How a Beneficiary Deed Works
A beneficiary deed is one of the simplest tools for transferring real property outside of probate. The owner signs and records a deed naming a grantee beneficiary. The deed states that it takes effect only upon the owner's death. Until that moment, the beneficiary has no legal interest in the property.
A deed that conveys an interest in real property, including any debt secured by a lien on real property, to a grantee beneficiary designated by the owner and that expressly states that the deed is effective on the death of the owner transfers the interest to the designated grantee beneficiary effective on the death of the owner.
A.R.S. § 33-405(A)The owner retains complete control. They can sell the property, refinance it, or place additional liens on it. The beneficiary's interest is subject to all encumbrances the owner creates during their lifetime. No signature, consent, or notice from the beneficiary is required.
Recording, Revocation, and Key Requirements
A beneficiary deed is only valid if it is recorded with the county recorder before the owner's death. This is not optional. An unrecorded beneficiary deed has no legal effect.
Revocation is straightforward. The owner can revoke the deed at any time by recording a revocation with the county recorder before their death. If the owner records more than one beneficiary deed for the same property, the last one recorded before death controls.

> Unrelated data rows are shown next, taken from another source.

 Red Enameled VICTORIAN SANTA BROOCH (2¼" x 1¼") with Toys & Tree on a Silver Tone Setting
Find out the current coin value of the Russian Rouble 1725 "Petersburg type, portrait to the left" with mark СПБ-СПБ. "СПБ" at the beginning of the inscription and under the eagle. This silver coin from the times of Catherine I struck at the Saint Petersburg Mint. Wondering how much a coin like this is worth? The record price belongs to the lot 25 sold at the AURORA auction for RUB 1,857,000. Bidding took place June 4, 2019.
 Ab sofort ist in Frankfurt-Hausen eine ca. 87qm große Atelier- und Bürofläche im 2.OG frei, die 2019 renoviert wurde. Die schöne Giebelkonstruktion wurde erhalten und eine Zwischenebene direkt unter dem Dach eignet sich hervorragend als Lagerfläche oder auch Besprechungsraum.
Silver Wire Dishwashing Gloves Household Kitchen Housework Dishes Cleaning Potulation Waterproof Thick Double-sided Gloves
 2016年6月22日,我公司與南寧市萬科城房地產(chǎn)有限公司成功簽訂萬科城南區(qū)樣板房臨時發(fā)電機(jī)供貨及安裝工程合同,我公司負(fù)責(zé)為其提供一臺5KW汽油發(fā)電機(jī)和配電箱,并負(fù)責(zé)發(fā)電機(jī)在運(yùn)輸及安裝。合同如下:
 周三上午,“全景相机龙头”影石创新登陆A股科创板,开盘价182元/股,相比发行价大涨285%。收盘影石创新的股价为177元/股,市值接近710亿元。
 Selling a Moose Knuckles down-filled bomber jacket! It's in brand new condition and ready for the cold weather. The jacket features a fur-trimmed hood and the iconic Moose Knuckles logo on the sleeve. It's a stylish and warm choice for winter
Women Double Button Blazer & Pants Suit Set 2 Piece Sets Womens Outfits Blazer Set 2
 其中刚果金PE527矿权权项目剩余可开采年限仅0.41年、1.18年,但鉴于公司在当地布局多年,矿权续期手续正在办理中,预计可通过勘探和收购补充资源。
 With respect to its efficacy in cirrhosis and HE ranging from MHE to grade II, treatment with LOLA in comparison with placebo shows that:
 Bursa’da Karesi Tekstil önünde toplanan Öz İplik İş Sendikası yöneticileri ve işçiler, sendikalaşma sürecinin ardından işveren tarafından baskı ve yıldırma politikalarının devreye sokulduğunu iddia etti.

A beneficiary deed that is executed, acknowledged and recorded in accordance with this section is not revoked by the provisions of a will.
A.R.S. § 33-405(J)This is a detail that catches many families off guard. A will cannot override a recorded beneficiary deed. If the deed names one person and the will names another, the deed wins. For couples who own property as joint tenants or community property with right of survivorship, all surviving owners must have signed the deed for it to take effect on the last owner's death.